There are two peaks in the Sierra Nevada, which are named "Parker Peak" . One is in the Southern Sierra, in Tulare County; the other one in the central Sierra, in Mono County, in the Ansel Adams Wilderness. Both are named on topomaps, but neither is on any "List", therefore hardly climbed and not described in trip reports. But that does not mean that these "orphans" are not worth the hike. On the contrary, they offer pleasant peak climbing experiences as described below.

Parker Peak "South" is half an hour drive away from my mountain home in California Hot Springs. On July 2, we drove up SR50 toward Johnsonville to a trailhead at Parker Meadows near Parker Pass. A dirt road parallels beautiful Parker Meadow. From the road end it is XC hiking up a forested steep slope to a ridge which eventually leads to the 7643' summit. There was a brand-new fence on the eastern ridge of the mountain, which forms the boundary between Forest land and the Tule Indian Reservation. Seems border control is the fashion of the day. From the summit there is a splendid view over the San Joaquin Valley. Above the summer haze of the Valley the San Rafael Mountains are clearly visible. To the northeast one has a fine view of snow-covered peaks of Mineral King. On the summit block there was no register but from now on the next visitor will find a cairn with a box under it.

The Parker Peak area has superb old growth trees including sequoias. In early summer Parker Meadow is green and wet with an abundance of wildflowers. It was an easy hike, beautiful nature and a great summit view. In winter time, it would also offer a nice XC ski tour, provided SR50 would be open.

Parker Peak "North" is located on the Koip-Kuna-Wood plateau which can be reached from the south via June Lake or the north from the Tioga Pass Road. We did the latter. Drove up from LA, got a wilderness permit in Tuolumne Mdws, hiked up Fri pm to Mono Pass and set up camp near the upper Mono Lake. On Sat we ascended the trail to easy Parker Pass (11,100'), then continued to Koip Pass, a real pass, requiring a 1200' ascent with 38 switchbacks on the north face of Parker Peak.

The scenery has stark contrasts: Extensive suncupped snow fields, green lakes and red-brown rocks. Abundant wildflowers were visible in this early summertime. Alpine gold and skyparlor were in full bloom. The weather was perfect, clear and warm. However, the Koip plateau is often windy and this day was no exception. But there were rock shelters at both the pass and peak. Koip Pass is mid-way between the Koip and Parker peaks, the latter about 100' lower than the former.

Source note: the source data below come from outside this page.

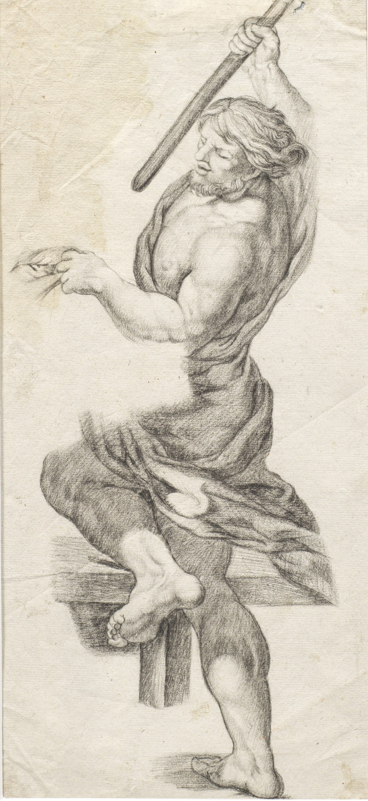 Ausschnitthaft komponierte Figurenstudie eines vollbärtigen, nur mit einem umgelegten Tuch bekleideten Mannes. Dieser stützt sich mit seinen Beinen an eine Bank, während er mit seinem Oberkörper eine Gegenbewegung ausführt und mit seiner linken Hand den Gewandzipfel einer weiteren verdeckt bleibenden Figur packt sowie mit einem längeren Stock in der rechten, erhobenen Hand zum Schlag ausholt. Durch die hochformatige Komposition wird die Dynamik der Figur gesteigert und durch effektvolle Schattierungen zugleich die gleichsam plastische, dreidimensionale Wirkung verstärkt. Das Blatt dürfte als Studie für Gemälde mit biblischen oder mythologischen Motiven entstanden sein, wobei sich der Künstler intensiv mit der aus dem Manierismus tradierten Drehbewegung der "figura serpentinata" auseinandersetzte. Schwarze Kreide/Papier. Ca. 29 cm x 13,5 cm (Passepartoutausschnitt).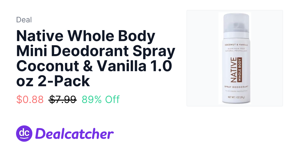 Native Whole Body Mini Deodorant Spray Coconut & Vanilla 1.0 oz 2-Pack - $0.88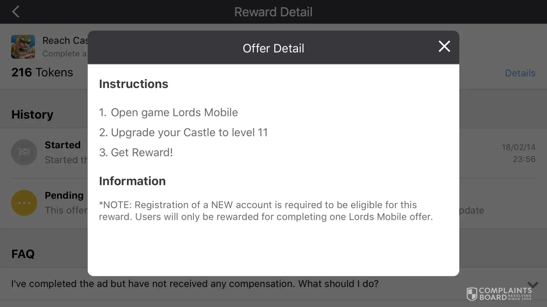 I already completed their offer to install lords mobile and reach castle 11. But they don't reward me. Already emailed them several times but never gets any reply. I even sent them the proof of progress. Then after 3days they sent me an email stated that my case has been resolved because they haven't heard from me. I was like wtf? Till now still haven't got any updates from them

It is a straightforward 600', class 1-2 climb from the Pass to Parker Peak (12,861'). Although the terrain consists of brown talus there was a pleasant surprise near the summit: Hundreds of blooming polemoniums and swarms of butterflies. And the view was just outstanding: Snow-covered Sierra peaks, green and blue lakes, streams and waterfalls, forests and meadows. To the east was beautiful Mono Lake with a large eddy, probabaly a wind vortex. From the south some clouds moved in as a precursor to tropical moisture typical for early summertime.

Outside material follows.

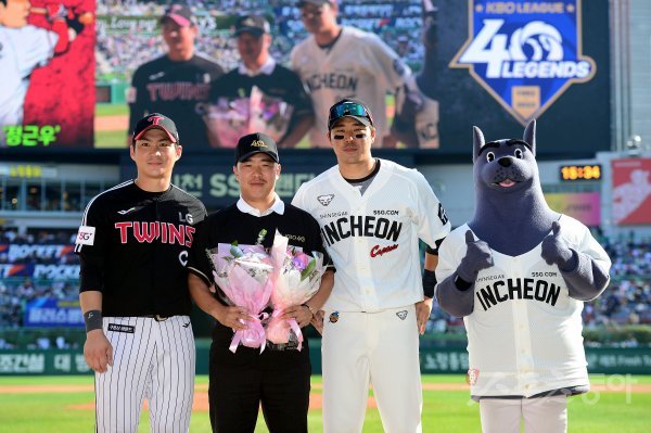 25일 인천 SSG 랜더스필드에서 ‘2022 신한은행 SOL KBO리그’ SSG 랜더스와 LG 트윈스의 경기가 열렸다. 클리닝 타임 때 KBO 레전드 40인에 선정된 정근우가 LG 오지환, SSG 한유섬과 기념촬영을 하고 있다.

One could have continued for another mile to the summit of Mt Wood, but we once had skied it on an SMS trip. Likewise Koip Pk was in easy reach but having done the SPS peaks new ones appear more exciting. Mt Dana, Gibbs and Conness were visible to the north, Koip and Kuna to the west, and in the distance one could even see the Sawtooth Ridge and Tower Pk.

After enjoying lunch, taking many pictures and placing a new register on the summit it was time to return. It was a long but pleasant hike down past beautiful lakes and streams. Puffy summer clouds drifted in from the south. Not a single person was seen in this backcountry.

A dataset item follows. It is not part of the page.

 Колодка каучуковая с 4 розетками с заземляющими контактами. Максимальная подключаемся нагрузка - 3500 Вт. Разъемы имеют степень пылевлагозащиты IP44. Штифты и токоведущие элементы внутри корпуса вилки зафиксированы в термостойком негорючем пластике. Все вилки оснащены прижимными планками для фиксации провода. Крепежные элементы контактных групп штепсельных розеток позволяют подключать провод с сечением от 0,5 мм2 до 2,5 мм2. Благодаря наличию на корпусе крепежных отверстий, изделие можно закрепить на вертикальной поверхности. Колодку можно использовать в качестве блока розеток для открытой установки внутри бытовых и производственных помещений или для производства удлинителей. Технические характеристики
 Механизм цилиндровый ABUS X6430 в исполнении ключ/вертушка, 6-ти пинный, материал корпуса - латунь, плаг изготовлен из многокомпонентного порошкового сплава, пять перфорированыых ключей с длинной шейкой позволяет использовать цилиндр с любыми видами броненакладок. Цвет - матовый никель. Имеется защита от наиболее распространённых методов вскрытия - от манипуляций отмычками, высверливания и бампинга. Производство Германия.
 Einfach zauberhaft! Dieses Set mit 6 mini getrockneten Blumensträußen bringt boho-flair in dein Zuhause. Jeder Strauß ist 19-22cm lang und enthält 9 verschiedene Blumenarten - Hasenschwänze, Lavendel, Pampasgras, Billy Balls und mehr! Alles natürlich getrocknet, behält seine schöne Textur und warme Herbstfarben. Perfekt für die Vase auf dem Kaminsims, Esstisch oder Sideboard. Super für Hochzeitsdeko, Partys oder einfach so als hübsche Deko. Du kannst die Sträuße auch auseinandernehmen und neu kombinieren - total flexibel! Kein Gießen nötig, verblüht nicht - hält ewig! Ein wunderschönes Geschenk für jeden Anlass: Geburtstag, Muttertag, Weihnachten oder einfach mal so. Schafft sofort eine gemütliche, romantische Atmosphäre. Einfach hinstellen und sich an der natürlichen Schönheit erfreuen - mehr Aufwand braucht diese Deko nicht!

Sunday morning was spent at beautiful Spillway Lake before hiking down along Parker Creek to Tioga Pass Road. On the drive home there was a thunderstorm over Mt Whitney but at 5pm it was still 110 deg in the Mohave Desert. Time to return to the mountains soon.

As regards possible ski tours the terrain appears very promising, were it not for a difficult road access. From Tioga Pass Rd to Parker Pass would be a fine intermediate day ski tour. The north slopes of Koip and Parker hold snow for a long time and look very skiable, but it is an advanced terrain. There are some old log cabins near Mono Pass for emergency shelter or basecamp.